### RECORDS SHOWN
==*==

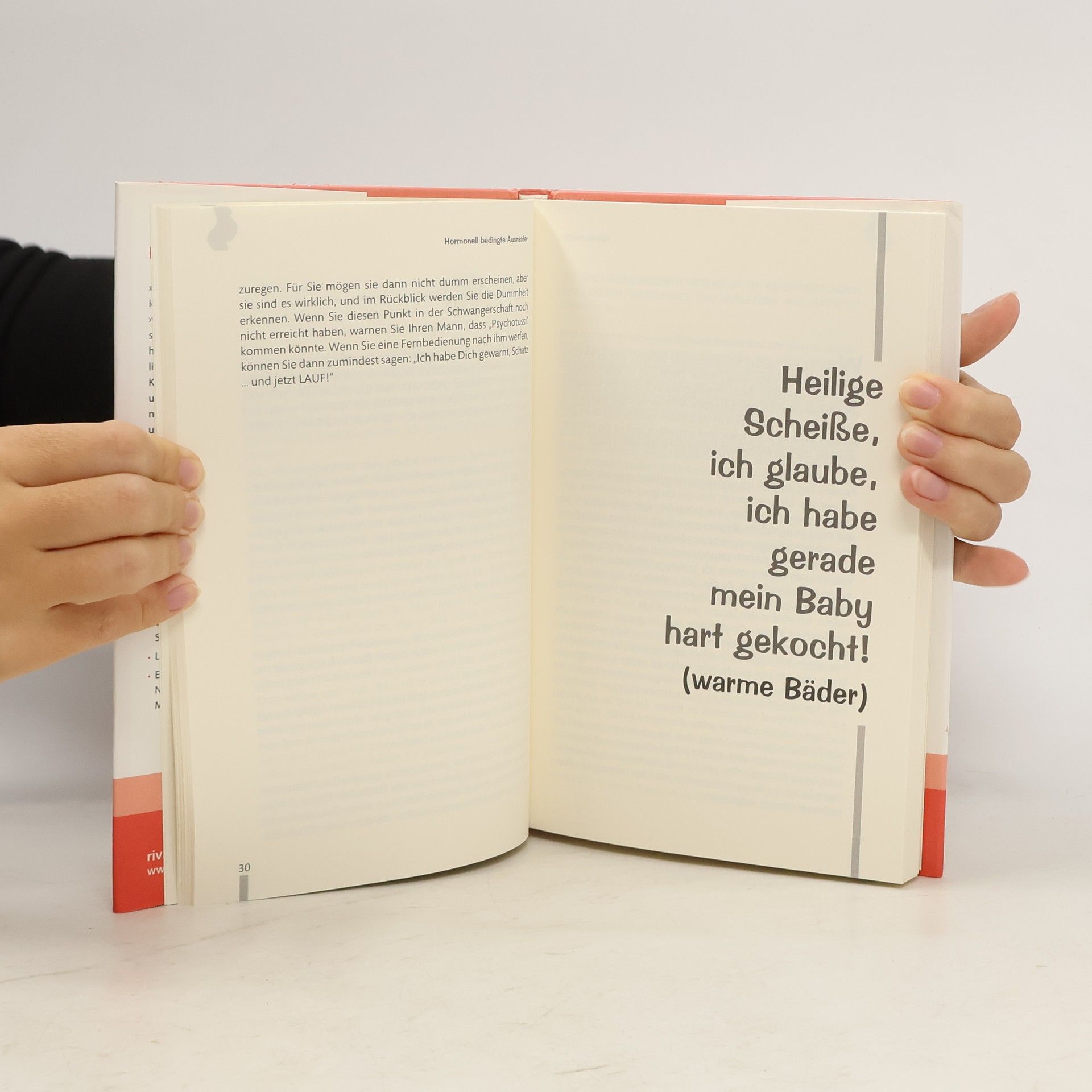 Man ist nicht einfach nur schwanger! Die Liste der Nebenwirkungen ist ellenlang. Eine überempfindliche Nase ist das geringste Übel: „Die Fleischtheke roch für mich nach toten Tieren, die ein Jahr lang in der Sonne gelegen hatten. Ich zuckte zusammen und hielt mir im Vorbeigehen den Ärmel vor die Nase. Alles in dem Laden ekelte mich. Fremde glotzten mich dumm an, als sie mich in Gang drei würgen sahen, während ich Käse hochhielt.“, so die Autorin. Nicht zu vergessen die häufigen Wadenkrämpfe im letzten Schwangerschaftsdrittel, verschwommene Sicht, Nasenbluten, Verstopfung, Hämorrhoiden, Besenreißer und die »Linea Negra«. Falsche Eitelkeit ist hier fehl am Platz. Wenn das Kinderkriegen Männersache wäre, wären Adam und Eva die einzigen Menschen geblieben, die jemals auf Erden wandelten. Aber das Endergebnis zählt und das Lächeln eines Kindes ist die ganze Mühe Wert, sagt „Mann“ glücklich – nach der anstrengenden Geburt! Für alles was in der Schwangerschaft wirklich wichtig ist, was Sie brennend interessiert und was Sie sich nie zu fragen wagten, gibt es jetzt dieses Buch.
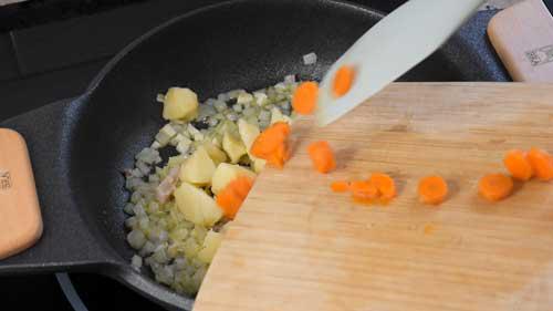 Después echamos las zanahorias y las patatas troceadas, damos una vuelta y dejamos sofreír unos minutos más.
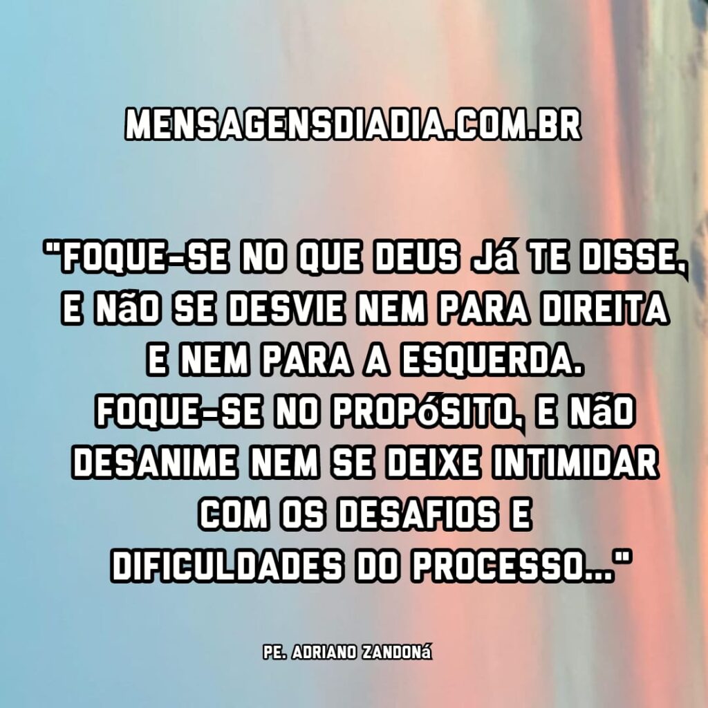 “Foque-se no que Deus já te disse, e não se desvie nem para direita e nem para a esquerda. Foque-se no propósito, e não desanime nem se deixe intimidar com os desafios e dificuldades do processo…”
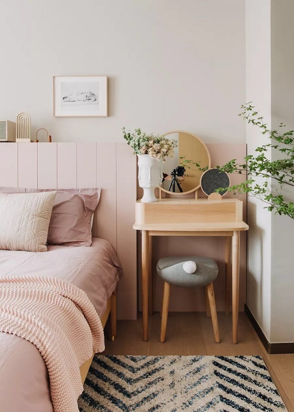 床头一侧放置了梳妆台。梳妆凳上有一个类似兔子小尾巴的设计,给这个空间增添了几分童趣。
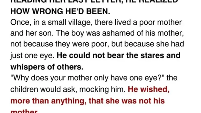 In a small village lived a poor mother and her son. The mother, Mercy, had only one eye, and her son Rock was ashamed of her. Children at school mocked him, calling his mother a “one-eyed witch,” and the shame made him resent her.

==*==

### EXERCISE DIRECTIONS
Look above for the line containing "Después echamos las", then retype it and each line after it to the end of the records, exactly and without pictures.

### COMPLETED EXERCISE
 Después echamos las zanahorias y las patatas troceadas, damos una vuelta y dejamos sofreír unos minutos más.
 “Foque-se no que Deus já te disse, e não se desvie nem para direita e nem para a esquerda. Foque-se no propósito, e não desanime nem se deixe intimidar com os desafios e dificuldades do processo…”
 床头一侧放置了梳妆台。梳妆凳上有一个类似兔子小尾巴的设计,给这个空间增添了几分童趣。
 In a small village lived a poor mother and her son. The mother, Mercy, had only one eye, and her son Rock was ashamed of her. Children at school mocked him, calling his mother a “one-eyed witch,” and the shame made him resent her.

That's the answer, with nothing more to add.